> **GOAL OF THE EXERCISE**: From the records below, output exactly the lines starting at the line with "信件内容产出后,可以通过「发送电子邮件」功能,直接开启 iPhone 内的" and ending at the line with "Отличный отель без", both of them included, but no pictures.

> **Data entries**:

□ □ □

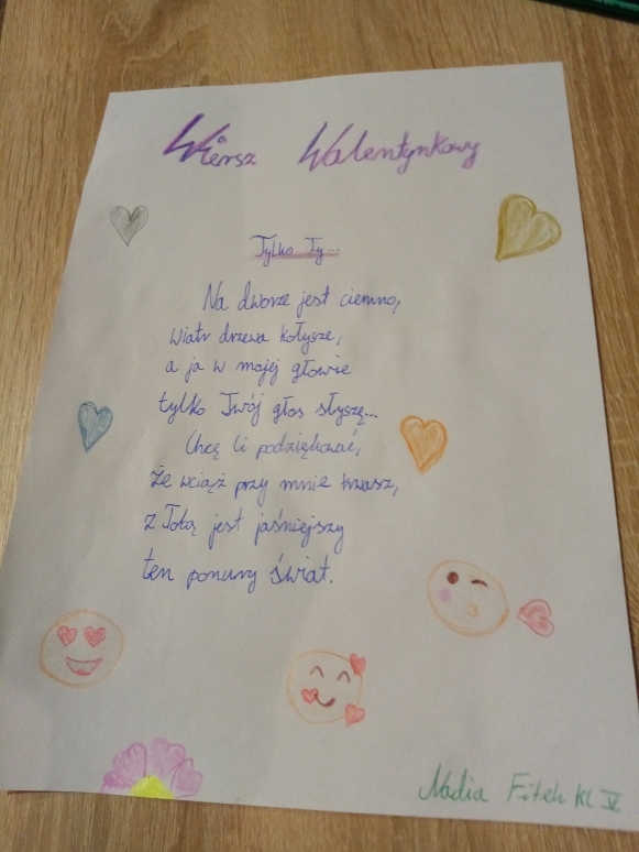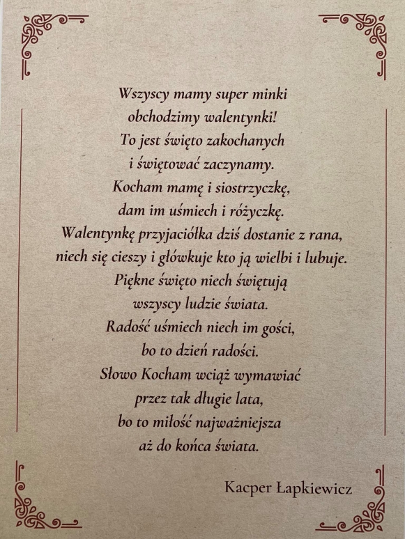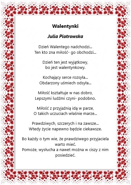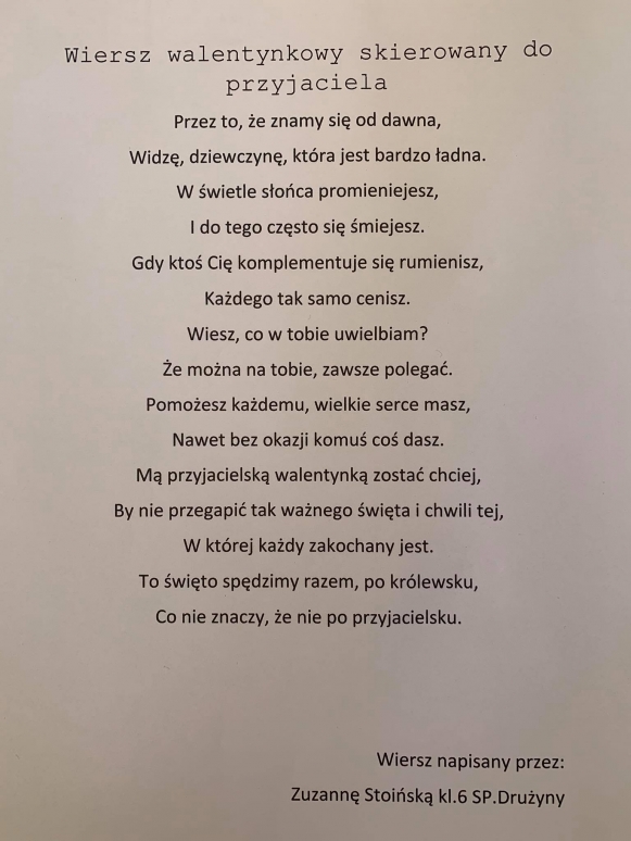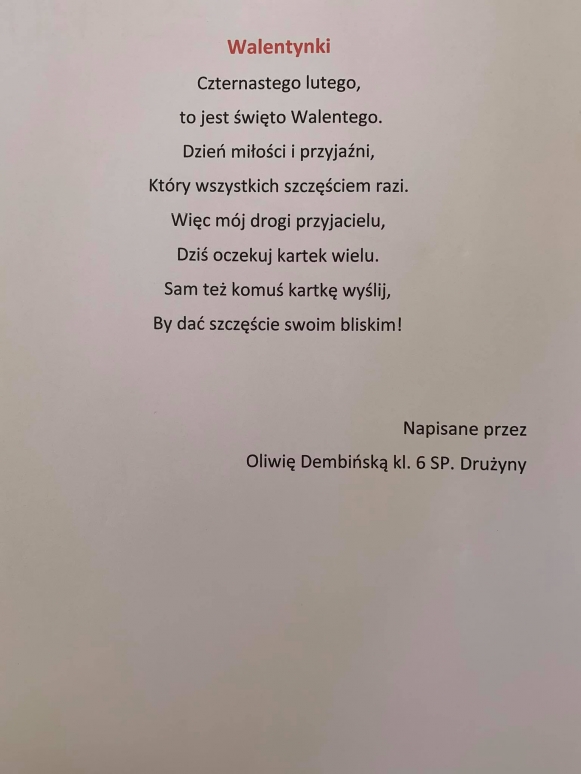 W ramach Dnia Świętego Walentego Samorząd Uczniowski zorganizował konkurs. Regulamin konkursu przewidywał trzy grupy wiekowe, z których każda miała inne zadanie. Najmłodsi uczniowie mieli do wykonania kartkę walentynkową. Reprezentanci klas IV-VI napisanie wiersza. Natomiast najstarsza młodzież, czyli uczniowie z klas VII-VII listu. Konkurs cieszył się dużym zainteresowaniem, a dzieci i młodzież zaprezentowali bardzo interesujące, oryginalne kartki walentynkowe, wiersze i listy.
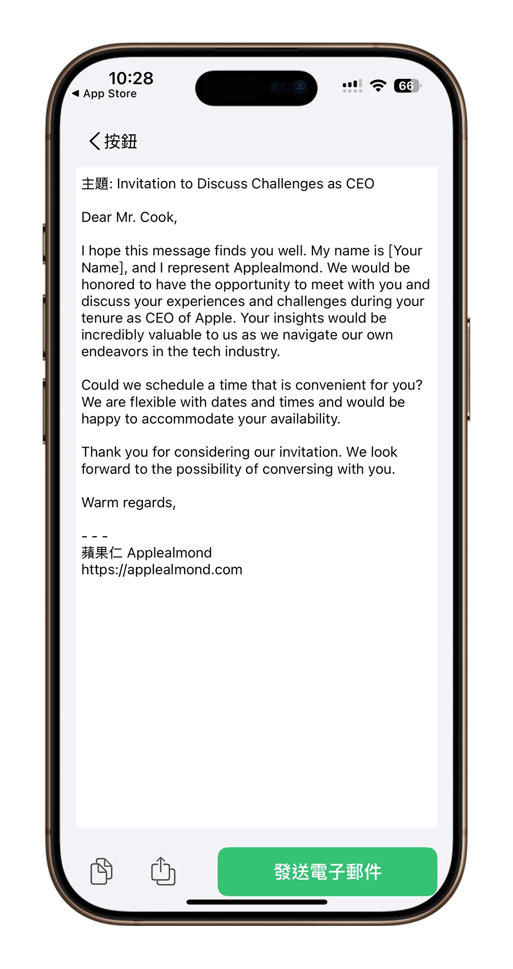 信件内容产出后,可以通过「发送电子邮件」功能,直接开启 iPhone 内的 Mail App,只要把格式重新确认,填上主旨以及收件人后就可以寄出,超级方便。
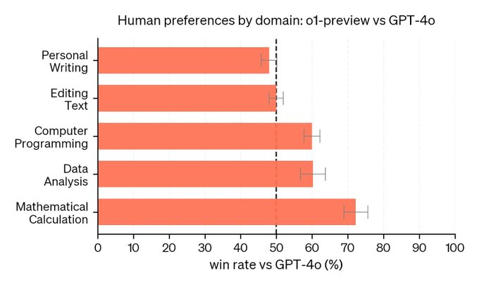 并且 o1 模型也并不总是比 GPT-4o 好,发布 o1-preview 的动机是了解模型在哪些方面需要改进。
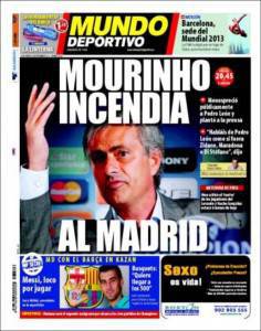 Mundo Deportivo: Mourinho incendia Madrid 28/09/2010 di admin MUNDO DEPORTIVO – Consueta conferenza stampa agitata quella di Josè Mourinho. Anche in Spagna stanno iniziando a conoscere il suo metodo di lavoro. Daniele Berrone – www.calciomercatonews.com
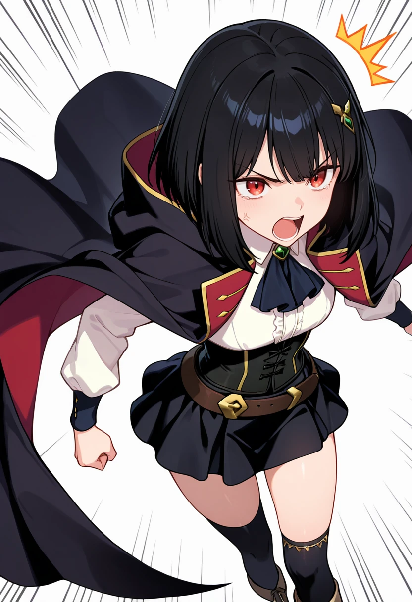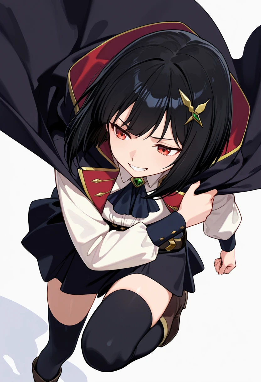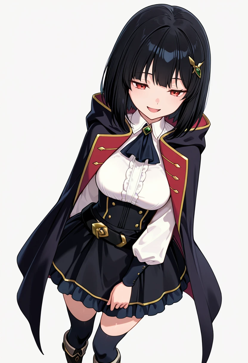 ascot,white shirt,skirt, cloak, long sleeves, thighhighs, black skirt,brooch,belt,Explanation and notes below👇
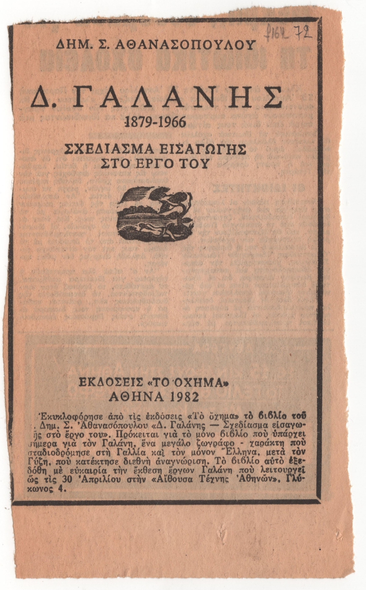 Απόκομμα, έντυπο, χαρτί, 17,0×10,3 εκ., όπου δημοσιεύεται, στα ελληνικά, διαφήμιση της μονογραφίας του Δημ. Αθανασόπουλου “Δ. Γαλάνης – Σχεδίασμα εισαγωγής στο έργο του”, που κυκλοφόρησε παράλληλα με έκθεση έργων του καλλιτέχνη στην Αθήνα το 1982.
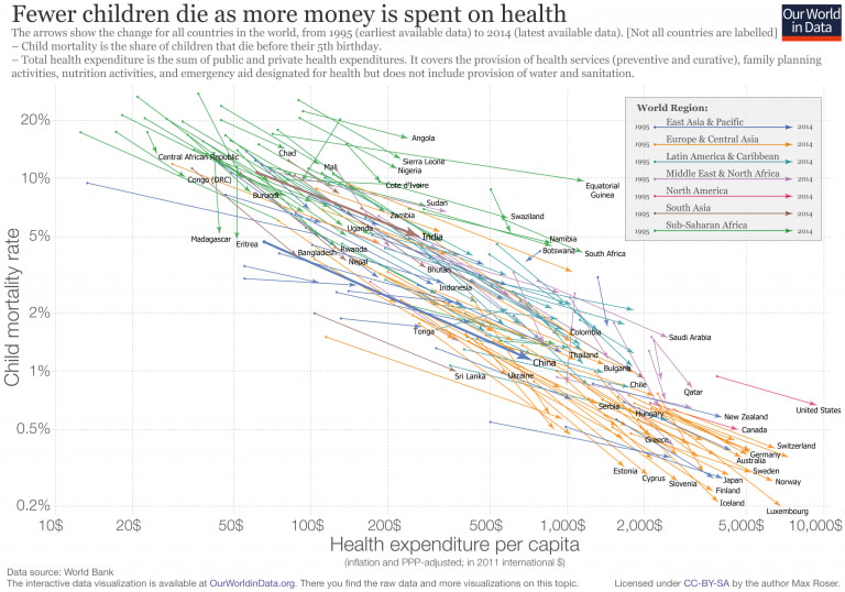 矢印が示す経年の変化に注目すると、顕著な事実が浮かび上がってきます。子どもの死亡率が最も低い国と、最も高い国々の間には、百倍近くの差があります──その差は驚くほど安定しています。傾向に注目してみると、これらの大きな差がある国々の間に不均一性はみられません。ヨーロッパの裕福な国も、アフリカの非常に貧しい国も、医療支出の増加に伴い、子どもの死亡率は下がっており、同様の傾向が際立っています。
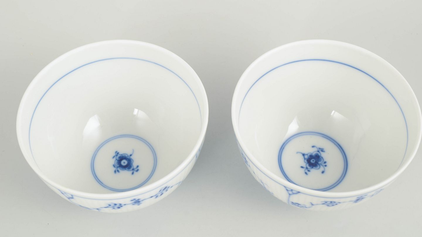 Royal Copenhagen Musselmalet Riflet sæt af to skåle.Beschreibung:
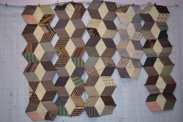 I haven’t got very far with my antique quilt, but I have made a start. This is an unfinished quilt which my daughter found when clearing her grandmother’s house. It’s a tumbling blocks pattern and from what we can deduce from the backing papers, it’s from around 1880!
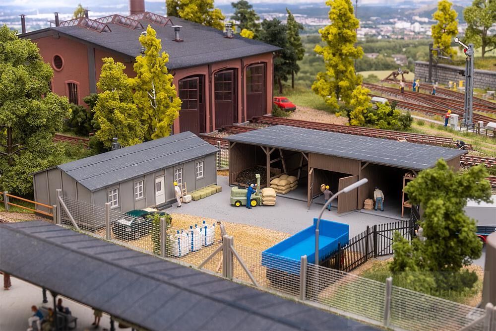 Dieses Set besteht aus einer grauen Baracke und einem hölzernen Kohleschuppen, ergänzt durch kleine Kohlesteinchen. Ideal, um Modellanlagen oder Dioramen um realistische Industrie-Details zu erweitern.
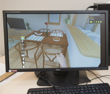 建築予定の間取りやプランが立体的に。VR体験されている方の視界がモニターでも見えるので他のご家族も確認できます。
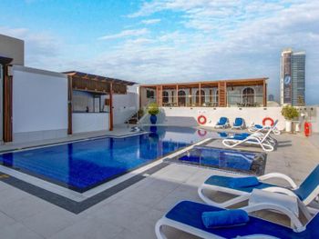 Отличный отель без претензий по соотношению цена-качество. Рядом с метро (а в Дубае это важно). Хороший бассейн и тренажерка. Номера просто огромные и чистые. По ТВ одни арабские каналы. Есть паб и ресторан.
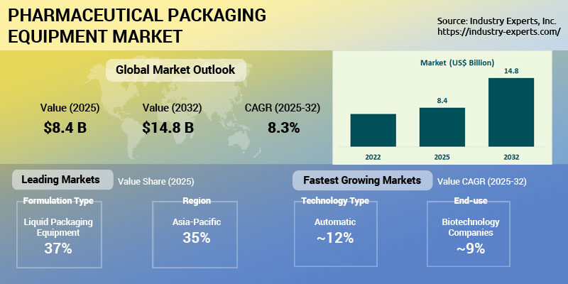 Industry Experts, Inc. has unveiled its latest market research report, "Pharmaceutical Packaging Equipment - A Global Market Overview", estimating that worldwide revenues will rise from US$8.4 billion in 2025 to US$14.8 billion by 2032, registering a CAGR of 8.3% during 2025-2032. Growth is fueled by surging production of biologics, vaccines, and personalized therapies, stricter quality and regulatory requirements, and rapid adoption of robotics, AI, and advanced vision systems that boost throughput while minimizing operational risks.

□ □ □

> **OUTPUT**:
 信件内容产出后,可以通过「发送电子邮件」功能,直接开启 iPhone 内的 Mail App,只要把格式重新确认,填上主旨以及收件人后就可以寄出,超级方便。
 并且 o1 模型也并不总是比 GPT-4o 好,发布 o1-preview 的动机是了解模型在哪些方面需要改进。
 Mundo Deportivo: Mourinho incendia Madrid 28/09/2010 di admin MUNDO DEPORTIVO – Consueta conferenza stampa agitata quella di Josè Mourinho. Anche in Spagna stanno iniziando a conoscere il suo metodo di lavoro. Daniele Berrone – www.calciomercatonews.com
 ascot,white shirt,skirt, cloak, long sleeves, thighhighs, black skirt,brooch,belt,Explanation and notes below👇
 Απόκομμα, έντυπο, χαρτί, 17,0×10,3 εκ., όπου δημοσιεύεται, στα ελληνικά, διαφήμιση της μονογραφίας του Δημ. Αθανασόπουλου “Δ. Γαλάνης – Σχεδίασμα εισαγωγής στο έργο του”, που κυκλοφόρησε παράλληλα με έκθεση έργων του καλλιτέχνη στην Αθήνα το 1982.
 矢印が示す経年の変化に注目すると、顕著な事実が浮かび上がってきます。子どもの死亡率が最も低い国と、最も高い国々の間には、百倍近くの差があります──その差は驚くほど安定しています。傾向に注目してみると、これらの大きな差がある国々の間に不均一性はみられません。ヨーロッパの裕福な国も、アフリカの非常に貧しい国も、医療支出の増加に伴い、子どもの死亡率は下がっており、同様の傾向が際立っています。
 Royal Copenhagen Musselmalet Riflet sæt af to skåle.Beschreibung:
 I haven’t got very far with my antique quilt, but I have made a start. This is an unfinished quilt which my daughter found when clearing her grandmother’s house. It’s a tumbling blocks pattern and from what we can deduce from the backing papers, it’s from around 1880!
 Dieses Set besteht aus einer grauen Baracke und einem hölzernen Kohleschuppen, ergänzt durch kleine Kohlesteinchen. Ideal, um Modellanlagen oder Dioramen um realistische Industrie-Details zu erweitern.
 建築予定の間取りやプランが立体的に。VR体験されている方の視界がモニターでも見えるので他のご家族も確認できます。
 Отличный отель без претензий по соотношению цена-качество. Рядом с метро (а в Дубае это важно). Хороший бассейн и тренажерка. Номера просто огромные и чистые. По ТВ одни арабские каналы. Есть паб и ресторан.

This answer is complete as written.